Изучать всю чувственную систему оповещения и одновременно придумывать подходящие способы для того, чтобы что-то из среды получить по хорошему мы начинаем еще в ранних отношениях, в контакте с матерью. Именно она, эмпатически откликаясь на плач ребенка может сказать «тебе видимо грустно» или видя, как дитя радуется новой игрушке — «вижу, что тебе радостно» или же «как тебе не стыдно?!» когда ребенок что-то эдакое учудил… Ну это если в идеале конечно.
Первоначально ребенок может быть очень напуган силой переживаний и основная задача родителя тут — не только выдержать, скрепя сердце, но и присутствовать, оставаться при этом спокойным и впоследствии также ребенку объяснить, а что это вообще было с ним такое. Этот процесс называется еще словом «контейнирование», я тут пока подробно писать про него не буду, но пометку сделаю.
И уже на этапе распознавания чувств некоторые из них могут оказаться заблокированными. Это происходит, когда родитель сам не в силах справиться с какими-то проявлениями ребенка и разрушается от них (все чувства это вообще агрессия, а ребенок поначалу, не понимая, как обращаться с ней, к примеру, начинает, желая показать как сильно он маму любит и соответственно присвоить себе, бить ее и кусать). Впоследствии с выражением, например, злости как маркера собственных границ у такого выросшего уже ребенка могут возникнуть ну…не то чтобы проблемы: просто не будет ни этого чувства ни понимания собственных границ как таковых.
Вторая боль, которая подстерегает человека, родители которого не могли справляться с его сильными переживаниями — вообще неспособность о них говорить, опасаясь, что никто-никто, вот ну вообще совсем такого накала страстей / монстра внутри не выдержит. И очень часто я наблюдаю такую картину, когда внешне (и на самом деле внутренне) вполне себе симпатичные люди, очень трогательные и хрупкие, правда верят, что внутри них поселился монстр.

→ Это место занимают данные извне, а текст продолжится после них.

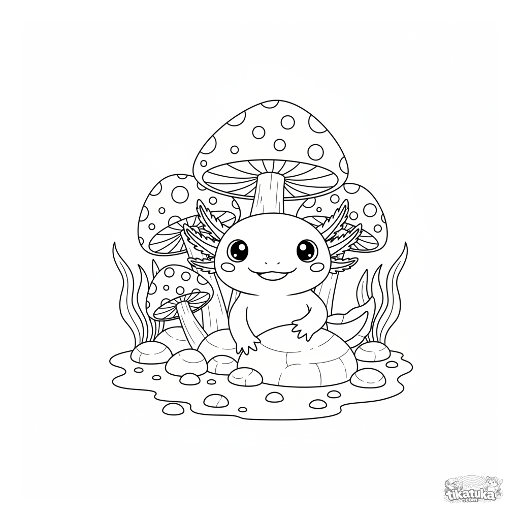 Página para colorear para niños 4-6: un ajolote tímido asoma desde detrás de hongos brillantes en un estanque con piedras. Escena submarina linda.
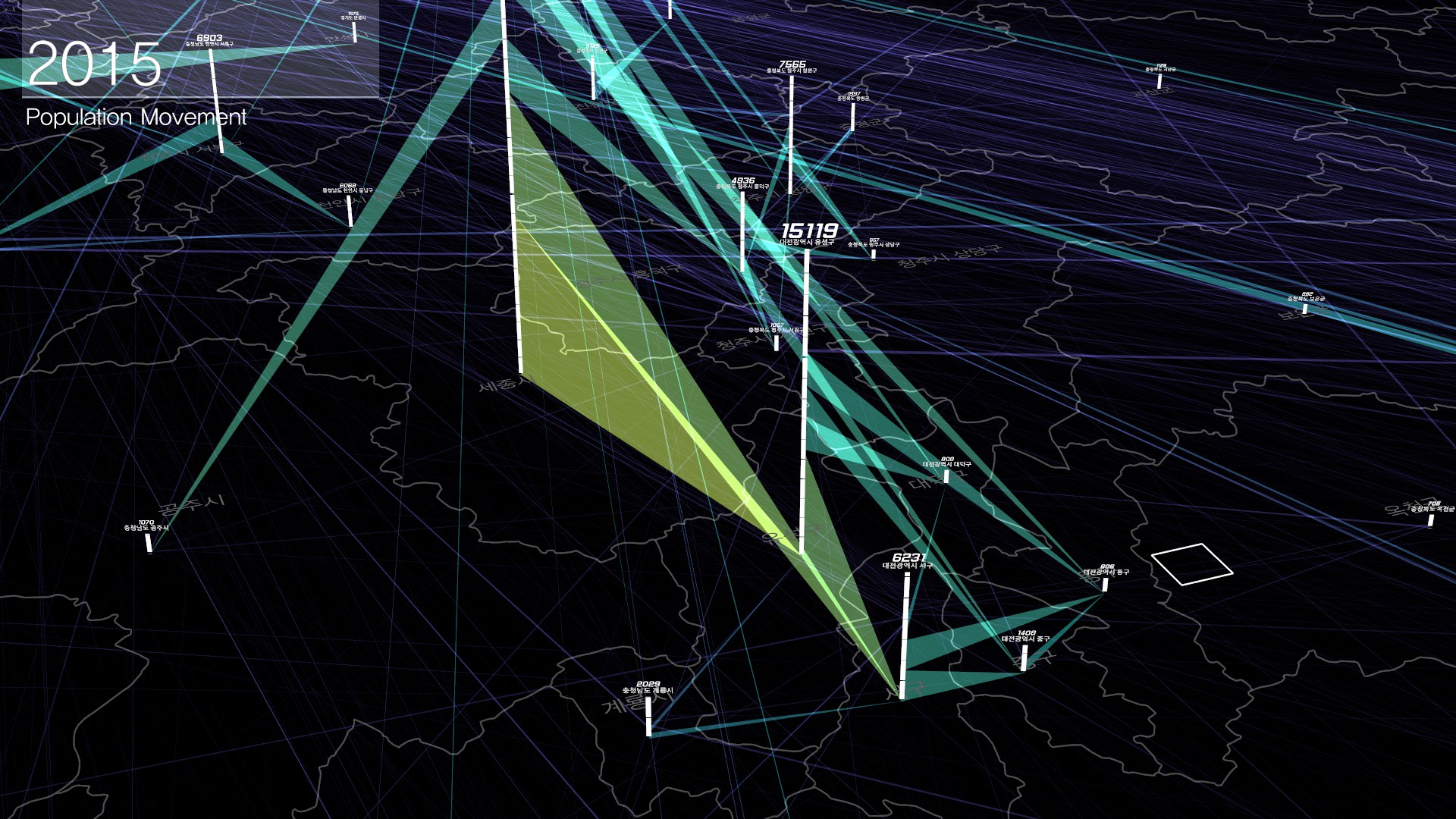 일단 전라남도 무안군에 솟아오른 하얀 막대는, 무안군이 전국 각 시군구와의 관계에서 2013년 한 해 동안 인구가 순유입 된 경우를 모두 더한 것이다. 한 가지 헷갈리면 안 되는 점은 무안군의 2013년의 총 순유입량은 아니라는 점이다. 무안군이 어느 시군구로 순유출 된 경우가 있다면, 그 수치는 이 막대 그래프에서 계산되지 않았다. 따라서 위의 그림만으로는 2013년 한 해 동안에 무안군의 인구가 늘었는지 줄었는지는 판단하기 어렵다. (이것이 앞서 말한 단점이다)

В этом смысле из главных задач психотерапии в целом заключается в том, чтобы не только помочь клиенту назвать то, что с ним происходит, но и вселить и оправдать уверенность в том, что любой силы его эмоции могут быть выдержаны в этом контакте. Потому что только тогда выясняется, что никакого «бабайки» внутри нет, пережитые эмоции теряют свой накал и наступает долгожданная свобода.
А если мы не знаем, что сейчас с нами происходит — это называется алексетимия — полная утрата чувствительности. Вариации на тему: аффективное реагирование (что по сути та же утрата чувствительности, ведь заметить что-то мы можем только на «низких скоростях»). А это, в свою очередь ведет к тому, что человек ощущает себя по большей части как «резиновая Зина»: «Ничего не понимаю, что со мной, но я ничего вообще не чувствую и не хочу». О том, как с этим обходиться я тоже скоро напишу.